Hell again all... seems like I get one thing fixed and something else goes wrong. I am having a problem with my ADC on the PIC16F877A. Here is the code that I am using:



DEFINE OSC 20
DEFINE ADC_BITS 10
DEFINE ADC_CLOCK 3
DEFINE ADC_SAMPLEUS 1
PAUSE 1000

LIGHT VAR WORD

ADCON1=%10000010
TRISA=%11111111
TRISB=%00000000
TRISD=%00000000

MAIN:
ADCIN 1, LIGHT
LIGHT.0=PORTD.6
LIGHT.1=PORTD.7
LIGHT.2=PORTB.0
LIGHT.3=PORTB.1
LIGHT.4=PORTB.2
LIGHT.5=PORTB.3
LIGHT.6=PORTB.4
LIGHT.7=PORTB.5
LIGHT.8=PORTB.6
LIGHT.9=PORTB.7
GOTO MAIN
END


This measures the voltage coming from a CDS Photocell circuit. I have Vcc to photocell to 10k resistor to ground. ADC is connected between the photocell and 10k resistor, so as the resistance of the photocell changes, as does the voltage. I can measure this with a meter but when I try to output to light up the corresponding LEDs it doesn't work right. Any help with this will be greatly appreciated.

2 things
CDS usually have high impedance, but the PIC require a max of 10K. You'll need to use a buffer in between (op-amp, transistor, FET, ...)
The way you have it now, you read PORTB and D and place it in your LIGHT variable

try


PORTB = (LIGHT >>2)
PORTD.6 = LIGHT.0
PORTD.7 = LIGHT.1

PORTB = (LIGHT >>2)
PORTD.6 = LIGHT.0
PORTD.7 = LIGHT.1

Doesn't this line just shift everything two bits to the right:


portb = (light >>2)


By doing this I'm actually losing two bits right?

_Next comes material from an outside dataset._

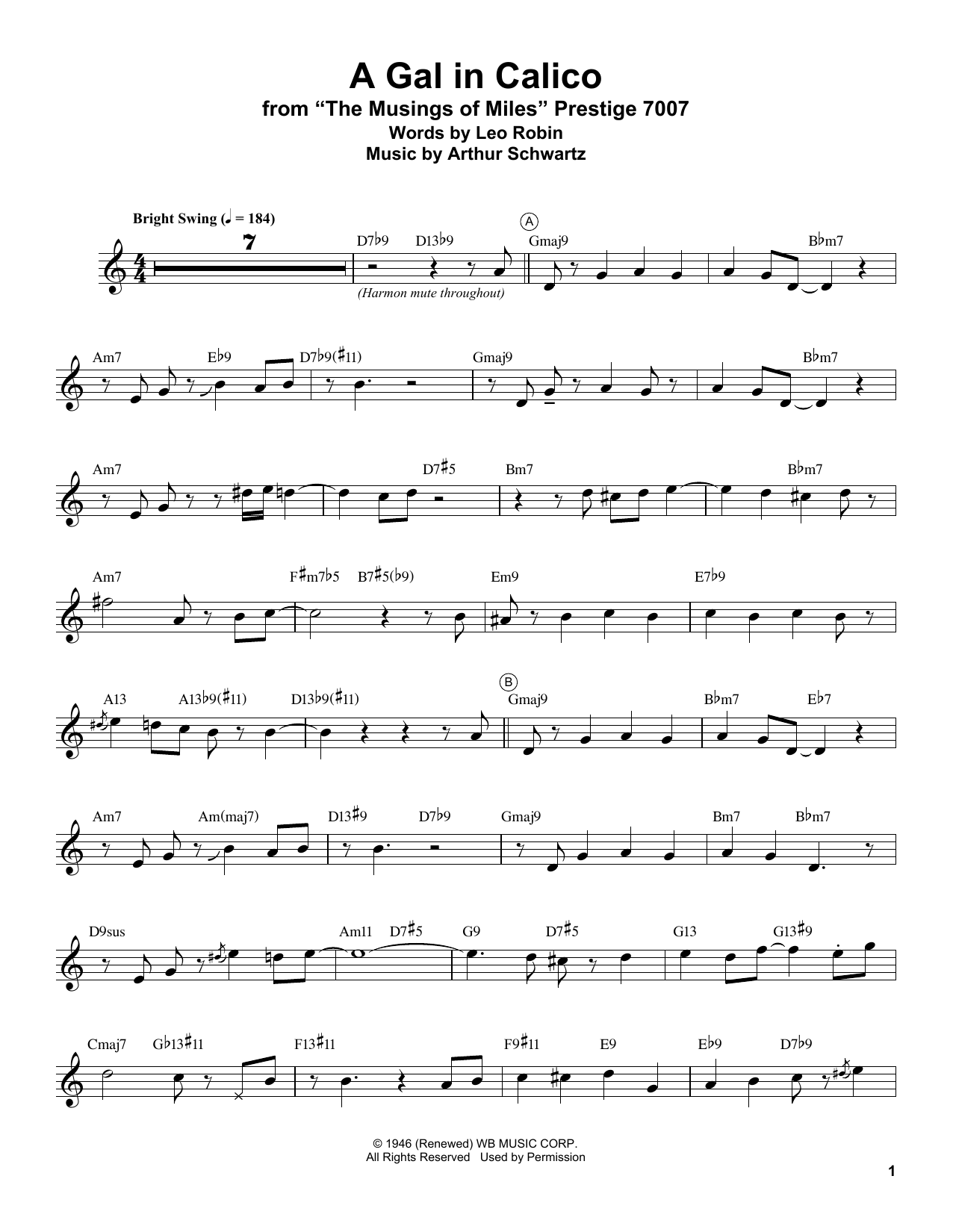 Download or print Miles Davis A Gal In Calico sheet music, chords and digital score arranged for Trumpet Transcription. This Jazz score includes 5 page(s).

LIGHT is a Word, PORT is a BYTE... this is always hard to fit 16bits in a 8 bit register huh? ;)

LIGHT>>2 - yes it shift two position to the right... yes you miss bit0 and bit1, but the next lines
PORTD.6 = LIGHT.0
PORTD.7 = LIGHT.1

place them on PORTD.

no lost at all.

None of your bit are lost LIGHT>>2 as long as you dont use something like
LIGHT=LIGHT>>2

ok i was thinking that bit 0 and bit 1 would just be moved to where bits 2 and bits 3 are... thus showing bits 0 and 1 twice and losing bits 8 and 9 with the code you provided me with... i'll give it a shot and see what happens...